Priority   802.1p  is 3 bits
format  is 1 bit    by default 0
Unique Vlan is 12 bits.

#set bridge-domains   vlan_name_100  vlan-id 100
the vlan number is 100       the name is arbitrary


The above just created the Vlans as you can see they are not attached yet to the any interface.

You set the VLAN on an interface.
set interface ge-0/0/1.0 family bridge      interface-mode access
set interface ge-0/0/1.0 family bridge      vlan-id 100


So in theory now server 1 can ping server 2 as they are on the same VLAN of 100


To configure a trunk
set interface xe-0/0/0   native-vlan-id 100
set interface xe-0/0/0   vlan-tagging
set interface xe-0/0/0   unit   0     family bridge     interface-mode trunk
set interface xe-0/0/0   unit   0     family bridge     vlan-id-list [100 200]

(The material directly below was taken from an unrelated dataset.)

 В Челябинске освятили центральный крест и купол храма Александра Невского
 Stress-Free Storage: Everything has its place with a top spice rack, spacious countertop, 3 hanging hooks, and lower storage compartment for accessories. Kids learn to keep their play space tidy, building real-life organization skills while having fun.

So let's say we have a packet in the CPU. The device looks at the VLAN and based on the VLAN + Mac table it will send it out of the correct interfaces.   For example if we have a Vlan_100 tagged packet.
The device will send it out of GE-0/0/1 and Ge-0/0/0 as the packet is leaving the MX it will be stripped of the VLAN marking because this is an ACCESS port.

In the case of a TRUNK port which connects two switches, we want to keep that TAG of the VLAN.
So for example.
SRV01 will send a packet to SRV03.
The MX because it says that inteface ge-0/0/0 is Vlan_100 will use that TAG to decide where to flood it.
When the packet is flooded out a TRUNK.
The command    vlan-tagging. Tells the router to ADD the TAG to the outgoing packet.

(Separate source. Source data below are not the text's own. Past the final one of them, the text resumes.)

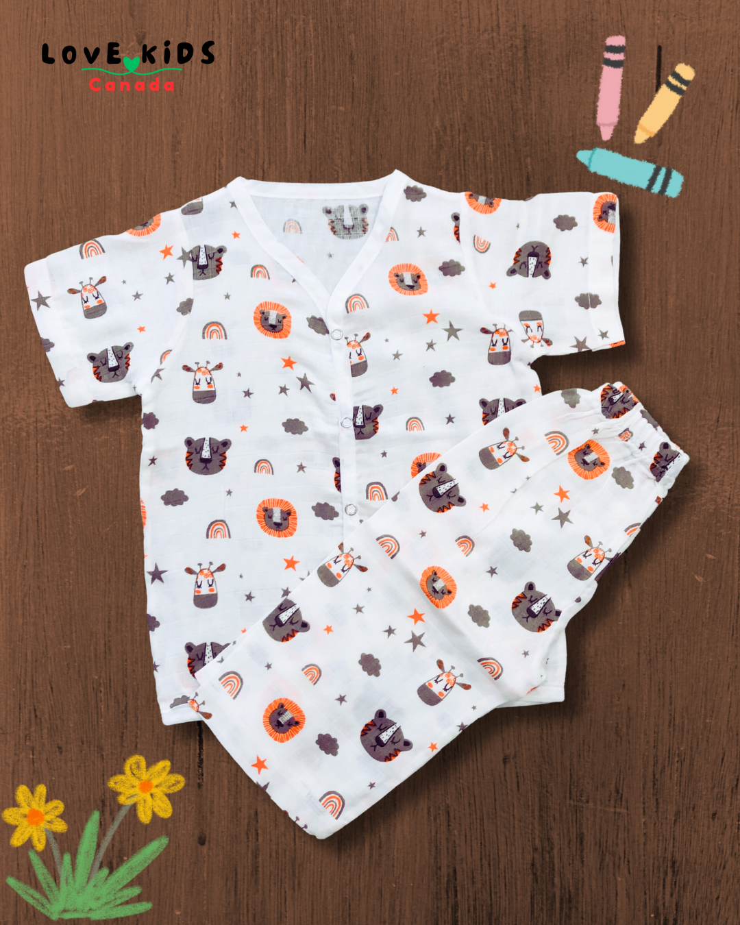 Half sleeve Co ord set - Lion & Tiger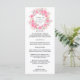 Nosso cardápio de casamento garden chic apresenta seus pratos de entrada, principais e sobremesas em letras elegantes, com seus nomes circulados por uma grinalda botânica rosa de rosas em aquarela e folhas e folhagens. Coordena com nossa coleção de casamento Pink Love Wreath.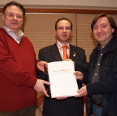 (Libertad Digital) Después de acudir al acto organizado por la Asociación de Víctimas del Terrorismo, el editor de Libertad Digital, Federico Jiménez Losantos, y el colaborador de este diario y director de La Linterna de la COPE, César Vidal, han querido entregar personalmente a Francisco José Alcaraz los miles de mensajes que los lectores han enviado en apoyo de Eduardo Fungairiño.
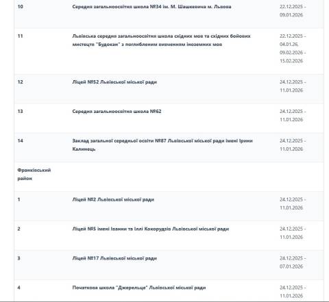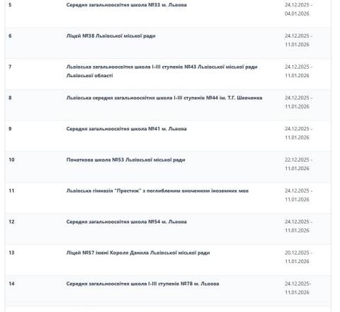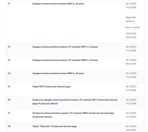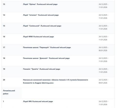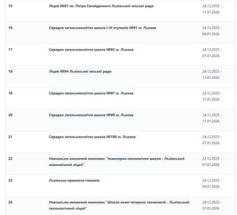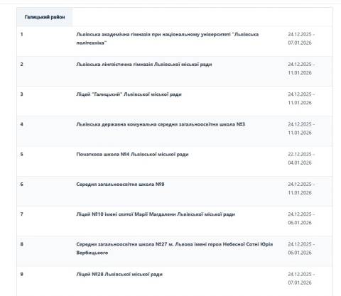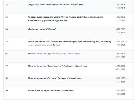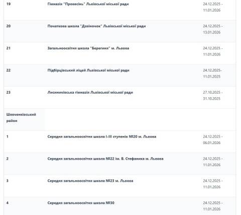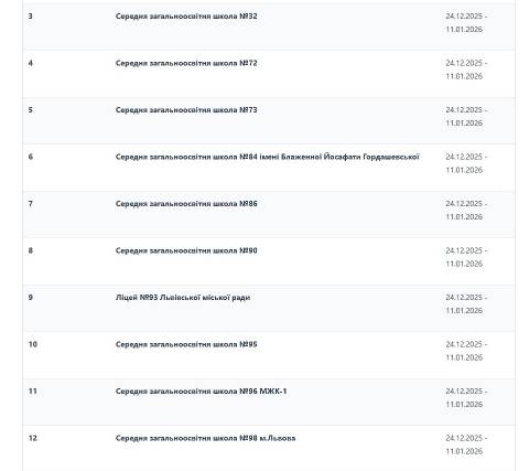 З 24 грудня у більшості шкіл Львівської міської територіальної громади стартують зимові канікули, які триватимуть орієнтовно 2 – 3 тижні.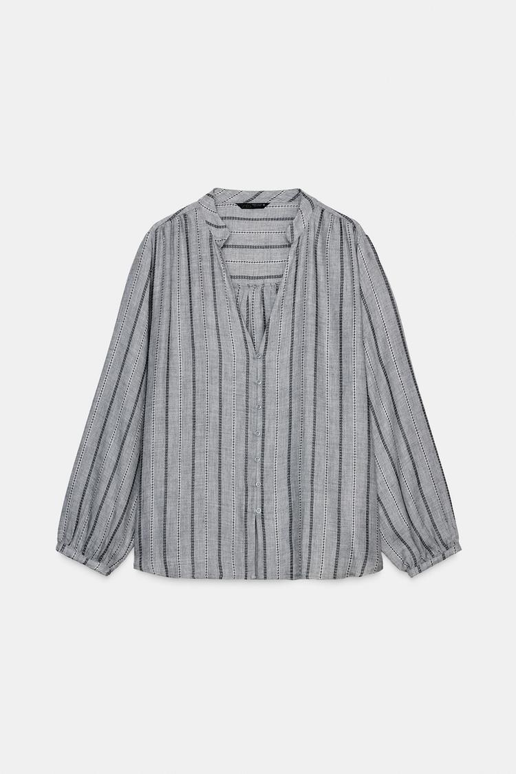 ZARA БЛУЗА В ПОЛОСКУ ИЗ ТКАНИ, СЕРЫЙ МЕЛАНЖ
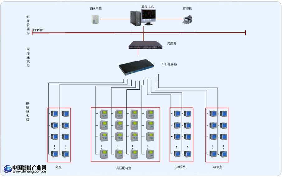 該項目由一個10KV高壓變電所,一個公變,以及兩個專變組成。該項目通過接入的21臺微機保護、50臺PZ96L-E4和兩臺溫控儀,全方位監測配電安全,保證變壓器在安全范圍內運行。通過專變和公變的同時監測,監測整個工廠的耗能情況,確定高耗能范圍,實施節能措施,筑建綠色工廠。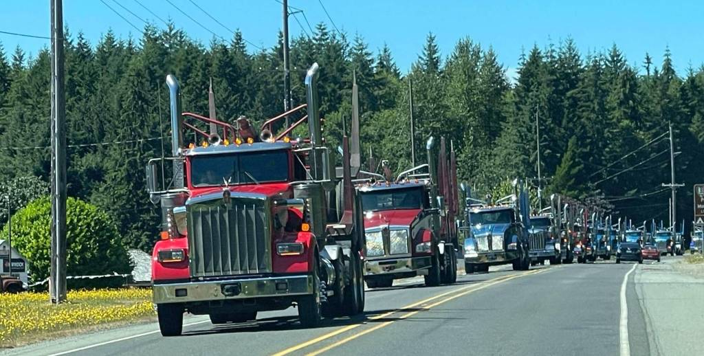 On Saturday afternoon a truck procession of almost 50 trucks paid tribute to fellow truck driver Paul Haugh. The trucks were escorted by law enforcement through town and then proceeded to the Forks Elks Lodge for Paul’s celebration of life. Photo Mike Zavadlov

The second MX will receive the packet with the TAG vlan_100.
It will then send it to the interfaces that are Vlan_100.
So as the packet leaves for SRV03 the TAG is again stripped.
SRV01 and SRV03 are unaware of any vlan tags.

The vlan-id-list is optional
in this case it limits the trunk to the two vlans  vlan_100 + vlan_200.

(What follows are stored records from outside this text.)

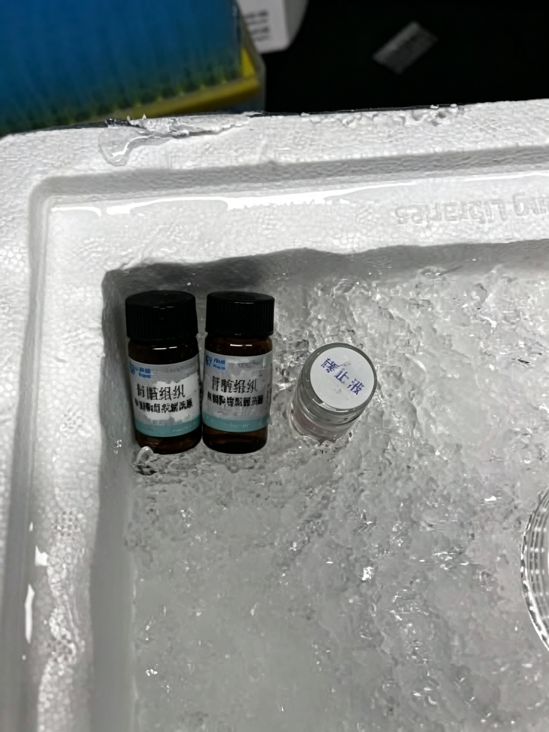 2.試劑解凍:將消化酶提前配好(酶離者:干粉、溶解液全部混合),使試劑混合均勻,終止液用涼水解凍。
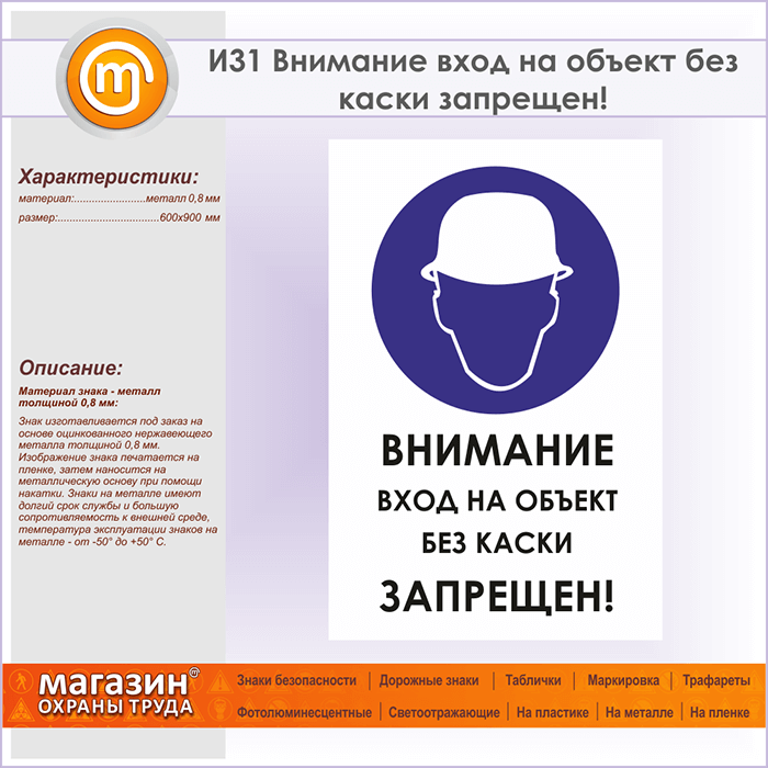 Знак «Внимание вход на объект без каски запрещен!», И31 (металл, 600х900 мм) в Ульяновске купить
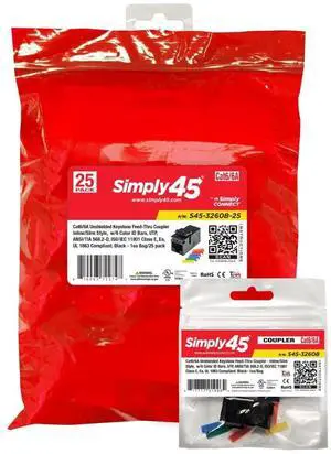 Simply45 Cat6 Unshielded Keystone Feed-Thru Coupler - Black, 25-Pack - Inline/Slim Style, Cat6 UTP, ANSI/TIA 568.2-D, ISO/IEC 11801 Class E. Supports S45 Snap-On ID Bars - S45-3260B-25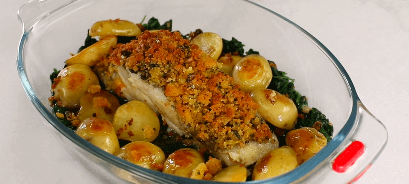 Bacalhau com migas em cama de espinafres
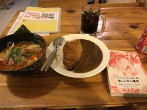 宿のスイカハウス1階にある「ドンちゃん」(下の写真)でカツカレーと味噌ラーメン。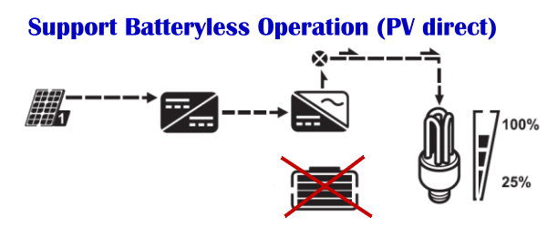 Genset starter dry contact is a standard feature in this model, and in the absence of grid, users may connect a generator for battery charging.  Only quality inverter-type generators are recommended for use.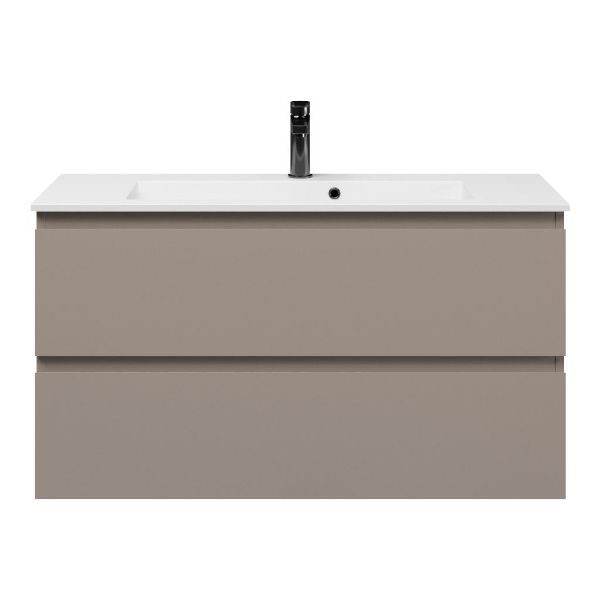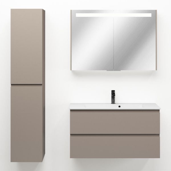 Ondiepe greeploos badkamermeubel in de kleur taupe. Badmeubel is praktisch voor een compact badkamer. Het meubel van 100 cm breed is er. De wastafel is vervaardig in keramiek en heeft de kleur wit keramiek. Dit badkamermeubel met deze wastafel is leverbaar tussen de 60 cm t/m 100 cm.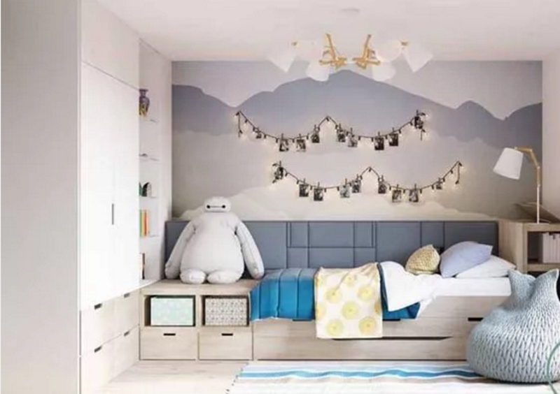 高度较低的榻榻米保证了孩子的安全,而铺满整个房间的榻榻米则拓宽了床的范围,让孩子感到自由。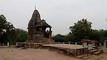 The east-facing Shitala Mata temple was built in about 12th century.[1] It has three parts: mandapa, antarala and garbhagriha (sanctum). The platform has friezes of kirtimukha, elephants, humans and deities. The doorframe of the sanctum has images of Vishnu in five niches in top section and while images of Laxmi in niches in the side sections. On the exterior walls of the sanctum, there is an image of Parvati in south niche and the images of Mahishasurmandini (Chamunda) in north and west niches.[2] The vedika (altar), kakshasana (seatings), small pillars and the ceiling of the mandapa are decorated with fine carvings.[1] A bust of an image is enshrined in place of the original image in the sanctum which is worshiped locally as Brahmani or Shitala Mata.[1][2]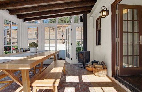 HILLSIDE HACIENDA is in the ideal location, only blocks to the downtown core which features renowned restaurants and the park square. This Spanish bungalowis located on desirable Chestnut Street on the west side of Paso Robles. This two bedroom, two bath home has been recently built with a Spanish flair. The kitchen is fully-stocked and features quartz countertops and subway tile with an adorable bistro table for two. An attached sunroom allows dining for six. This lovely home is in a quiet neighborhood, and sits on a hill overlooking downtown.

The last one is the mode trunk which tells the device this is a trunk interface and therefore
add the VLAN tag to outgoing packets.


If you have to make a list of VLANs for sepcific customers you can set up a list.
 set bridge-domains     sales    vlan-id-list   [10-12 20-22]


this adds a prefix to the Vlan  so it will look like  sales-vlan-xxxxxx    #xx being the number of the vlan


>show bridge-domain
will show you the VLANs and their IDs along with the interfaces that can run them

>show bridge domain  vlan_100 detail
will show you the MAC count of each VLAN

>show interfaces xe-0/0/0.0
will show you the link is up and if it has   trunk-mode

If two VLANs have the same interface under them
that means that interface is trunking from VLAN to VLAN.
(not routing, just trunking)


>show bridge statistics
will show you number of MACs again.

Trunks forward broadcast.
So if you have Switches that do not have a specific VLAN
you can remove that VLAN from the trunk.


So you can for example.
Manually remove VLAN 10 from the trunk.
set interface xe-0/0/0   unit   0     family bridge     vlan-id-list [100 200  10]
can be changed to
set interface xe-0/0/0   unit   0     family bridge     vlan-id-list [100 200 ]
now the switch with red won't get VLAN 10 broadcasts.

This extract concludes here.